Sample Ratio Mismatch (SRM)

Sample Ratio Mismatch is a chi-squared test comparing the observed per-variant exposure counts against the declared variant weights. A low p-value means the realized split deviates further from the configured split than chance alone explains.

Why it matters

SRM warnings usually mean a bug — not a real-world traffic skew. A skewed audience filter, a bucketing-pipeline change that affected one variant disproportionately, a load balancer routing a fraction of users to a stale build that doesn't call /v1/assign — these surface as SRM before they surface as anything else. If you trust the credible interval at a variant-allocation that's not what you configured, the math underneath is silently wrong.

How Splitstream checks it

The analysis worker computes the chi-squared statistic on every snapshot (default cadence: 240 minutes). The SRM monitor also runs a dedicated 5-minute pass that doesn't wait for the full snapshot recomputation.

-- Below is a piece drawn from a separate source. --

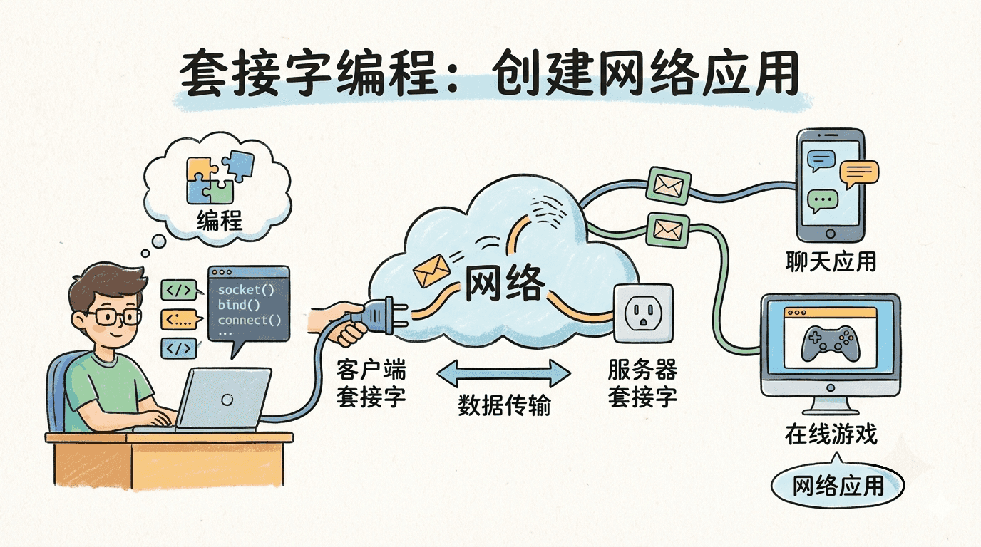 我们已经一起了解了各种经典的网络应用案例。接下来,让我们真正动手,看看如何亲自开发一个网络应用。还记得我们在之前聊过的内容吗?其实,绝大多数网络应用的本质,就是“客户端”和“服务器”这两个程序,分别运行在不同的终端设备上。 它们之间通过“套接字”这个桥梁,互相发送和接收数据。对于开发者来说,最核心的任务,就是把客户端和服务器的代码写出来,让它们能顺畅地沟通。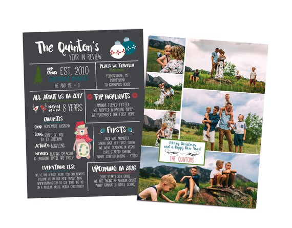 Christmas Card Photoshop Template Year In Review Family Newsletter 5x7 Photo Card Instant Download Or Printable Yir04

Threshold: chi-squared p-value < 0.001 raises an SRM warning on the results page. We picked 0.001 rather than the conventional 0.01 because experiment-platforms run the test many times (every snapshot, multi-arm, multi-experiment), and we wanted a tight false-alarm rate at high test-count.

What to do when the banner fires

Stop the experiment. Find the cause. Fix it. Start a new experiment with a fresh seed. Resuming an SRM-affected experiment with a "we'll just exclude the bad data" manual override is almost always less defensible than calling the run dead and re-running clean.

The platform does not auto-stop on SRM by default — the platform can't distinguish a bucketing bug from a real-world skew, and auto-stopping during a flash sale that broke the traffic mix would be worse than the warning. Auto-stop on SRM is a per-experiment opt-in.